## Málstofa í tvinnfallagreiningu 2018

This is the schedule of the Complex Analysis Seminar for 2017:
Seminar organizer: Séverine Biard

### Sverrir Örn Þorvaldsson: Boundary Fibration Structures and Quasi-Homogeneous Geometries, IV

Thursday, 25. January, 11:00-12:00, meeting room, 2nd floor in Tæknigarður.

### Sverrir Örn Þorvaldsson: Boundary Fibration Structures and Quasi-Homogeneous Geometries, III

Thursday, 18. January, 11:00-12:00, Tgv227 in Tæknigarður.

### Sverrir Örn Þorvaldsson: Boundary Fibration Structures and Quasi-Homogeneous Geometries, II

Thursday, 11. January, 13:00-14:00, Tgv227 in Tæknigarður.

### Sverrir Örn Þorvaldsson: Boundary Fibration Structures and Quasi-Homogeneous Geometries, I

Friday, 5. January, 11:15-12:15, Tgv227 in Tæknigarður.

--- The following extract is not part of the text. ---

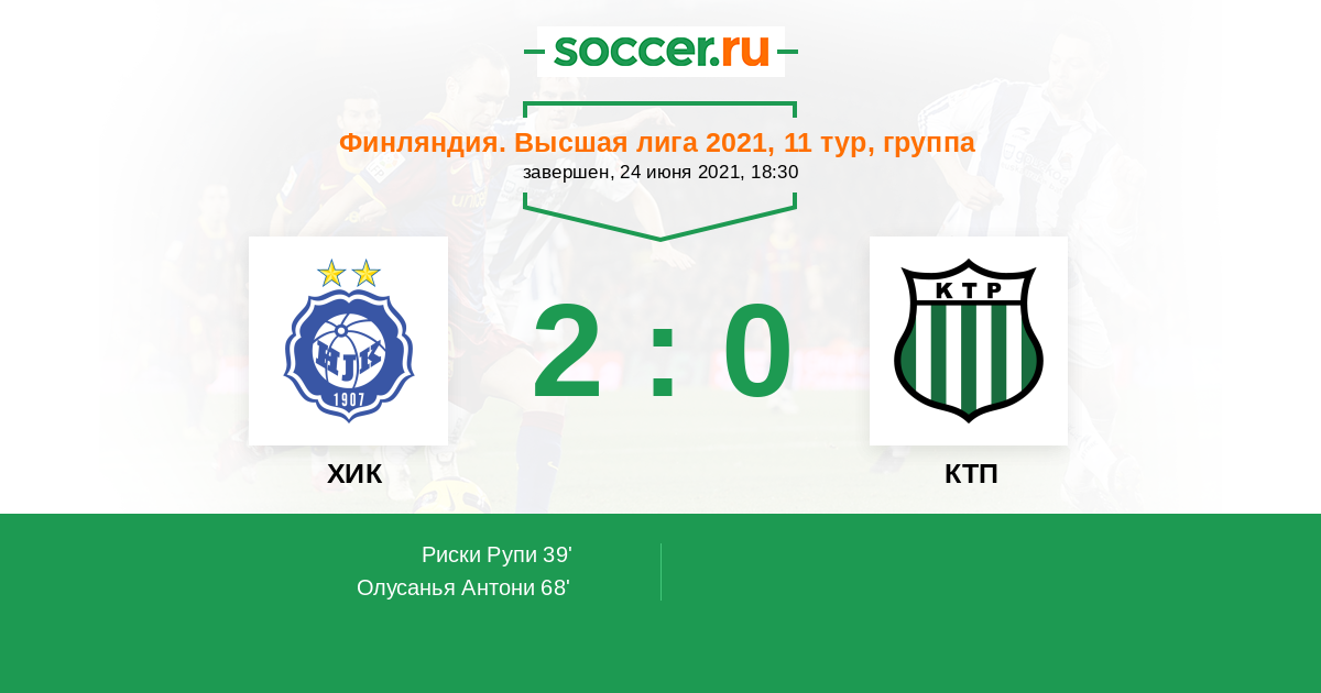 ХИК — КТП. Прогноз на матч чемпионата Финляндии (24.06.2021)

Abstract: In this work we extend work by Mazzeo on conformally compact manifolds to a class of manifolds with quasi-homogeneous geometries, which we call $$\kappa$$-manifolds. Our results show that there are complete noncompact manifolds of negative curvature, that have 0 in the essential spectrum for the Hodge Laplacian on forms, and this applies in a range of degrees centered at the middle degree. As is typical for boundary fibration structures our methods give much more, namely we provide a general framework to study elliptic partial differential operators on $\kappa$-manifolds based on microlocal methods. We construct a calculus of pseudodifferential operators on the manifold, and give precise conditions for the existence of a parametrix for elliptic differential operators in this calculus. We then apply this to the spectral theory of the Hodge Laplacian on a $$\kappa$$-manifold. This step requires detailed analysis of the Hodge Laplacian on a simpler model space, which in turn requires detailed study of a system of ordinary differential equations.

In the first talk we discuss the background, context and essence of the work. This entails some review of elliptic theory for compact Riemannian manifolds, and relations between geometry, topology and analysis on such manifolds. We provide some extensions of these to non-compact manifolds, provide examples of boundary fibration structures and discuss how these provide a foundation to construct suitable algebras of pseudodifferential operators that can be used to obtain the elliptic theory needed to study geometric partial differential operators on non-compact spaces.

In subsequent talks we provide more details of such a construction for $\kappa$-manifolds, but end with a study of a system of differential equations that are relevant to the problem, but interesting in itself and self-contained.